The conduct set forth above on May 31, 2017, October 22, 2018, and May 29, 2019 counts as six repeated violations under FDA policy for purposes of computing the No-Tobacco-Sale Order. Under 21 U.S.C. § 333(f)(8), a No-Tobacco-Sale Order is permissible for six repeated violations of the regulations found at 21 C.F.R. pt. 1140. The maximum period of time for the first No-Tobacco-Sale Order received by a retailer is 30 consecutive calendar days. See Pub. L. 111–31, div. A, title I, § 103(q)(1)(A), June 22, 2009, 123 Stat. 1838, 1839; Food & Drug Admin., Civil Money Penalties and No-Tobacco-Sale Orders For Tobacco Retailers at 5-6, available at http://www.fda.gov/downloads/TobaccoProducts/Labeling/RulesRegulationsGuidance/UCM252955.pdf (last updated Dec. 15, 2016); Determination of the Period Covered by a No-Tobacco-Sale Order and Compliance with Order at 3-4, available at https://www.fda.gov/downloads/TobaccoProducts/Labeling/RulesRegulationsGuidance/UCM460155.pdf (last updated August 2015). While the CTP guidance documents are
Page 15
not binding, as a matter of law, I consider them to be persuasive when interpreting the statutory factors that must be considered in determining the length of an NTSO.
XIV. PENALTY
There being liability under the relevant statute, I must now determine the amount of penalty to impose. My discretion regarding a penalty is constrained by regulation. I must impose either the maximum amount permitted by law or the amount requested by the Center, whichever is lower. 21 C.F.R. § 17.11(a)(1), (a)(2).

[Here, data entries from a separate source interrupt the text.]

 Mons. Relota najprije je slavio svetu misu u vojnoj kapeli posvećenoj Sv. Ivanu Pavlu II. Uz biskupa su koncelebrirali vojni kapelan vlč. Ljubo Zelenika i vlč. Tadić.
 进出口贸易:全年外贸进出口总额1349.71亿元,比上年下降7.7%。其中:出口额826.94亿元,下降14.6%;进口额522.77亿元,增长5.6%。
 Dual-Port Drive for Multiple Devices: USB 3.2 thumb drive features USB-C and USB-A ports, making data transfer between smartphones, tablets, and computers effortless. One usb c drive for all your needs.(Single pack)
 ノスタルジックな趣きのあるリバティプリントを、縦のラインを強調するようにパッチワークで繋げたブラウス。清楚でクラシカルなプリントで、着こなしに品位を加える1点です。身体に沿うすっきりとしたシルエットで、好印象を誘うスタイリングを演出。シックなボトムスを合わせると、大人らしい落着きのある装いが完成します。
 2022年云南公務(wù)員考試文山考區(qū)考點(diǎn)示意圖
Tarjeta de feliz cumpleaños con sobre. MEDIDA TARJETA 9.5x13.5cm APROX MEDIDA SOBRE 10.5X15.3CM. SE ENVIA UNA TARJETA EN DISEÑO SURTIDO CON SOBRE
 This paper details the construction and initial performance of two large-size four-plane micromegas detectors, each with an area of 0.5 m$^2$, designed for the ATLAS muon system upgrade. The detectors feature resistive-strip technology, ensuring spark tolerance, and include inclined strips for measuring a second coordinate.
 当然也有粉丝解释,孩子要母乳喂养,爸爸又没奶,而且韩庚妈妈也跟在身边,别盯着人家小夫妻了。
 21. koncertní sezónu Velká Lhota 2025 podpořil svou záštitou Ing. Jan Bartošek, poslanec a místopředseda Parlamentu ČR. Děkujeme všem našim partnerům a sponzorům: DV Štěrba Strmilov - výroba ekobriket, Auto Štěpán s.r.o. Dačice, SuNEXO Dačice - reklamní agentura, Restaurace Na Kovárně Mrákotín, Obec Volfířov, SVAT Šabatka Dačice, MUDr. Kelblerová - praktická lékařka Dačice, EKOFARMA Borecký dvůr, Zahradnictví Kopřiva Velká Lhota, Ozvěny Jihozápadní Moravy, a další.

In terms of specific punishments available, the legislation that provides the basis for assessing civil monetary penalties divides retailers into two categories: those that have “an approved training program” and those that do not. Retailers with an approved program face no more than a warning letter for their first violation; retailers without such a program begin paying monetary penalties with their first. TCA § 103(q)(2), 123 Stat. 1839, codified at 21 U.S.C. § 333 note. See 21 C.F.R. § 17.2. The FDA has informed the regulated public that “at this time, and until FDA issues regulations setting the standards for an approved training program, all applicable CMPs will proceed under the reduced penalty schedule.” FDA Regulatory Enforcement Manual, Aug. 2015, ¶ 5‑8‑1. Because of this reasonable exercise of discretion, the starting point for punishments and the rate at which they mount are clear – the lower and slower schedules.
XV. MITIGATION
It is incumbent upon Respondent to present any factors that could result in mitigation of CTP’s proposed penalty. Specifically, it is Respondent’s burden to
Page 16
provide mitigating evidence. In a default, Respondent has failed to participate and has failed to present any evidence regarding potential mitigation. Accordingly, I have no reason to mitigate the penalty.
XVI. CONCLUSION
Respondent committed six repeated violations in a 36‑month period and so, Respondent is liable for a No-Tobacco-Sale Order of 30 days. See 21 C.F.R. § 17.2.
WHEREFORE, evidence having read and considered it be and is hereby ORDERED as follows:
- I find Respondent has been served with process herein and is subject to this forum.
- I find Respondent failed to respond to my July 6, 2020 and November 17, 2020 Orders.
- I strike Respondent’s Answer filed on February 14, 2020 as a sanction pursuant to 21 C.F.R. § 17.35(c)(3).
- I find Respondent is in default.
- I assume the facts alleged in the Complaint to be true.
- I find the facts set forth in the Complaint establish liability under the relevant statute.
- I assess a 30-day No-Tobacco-Sale Order.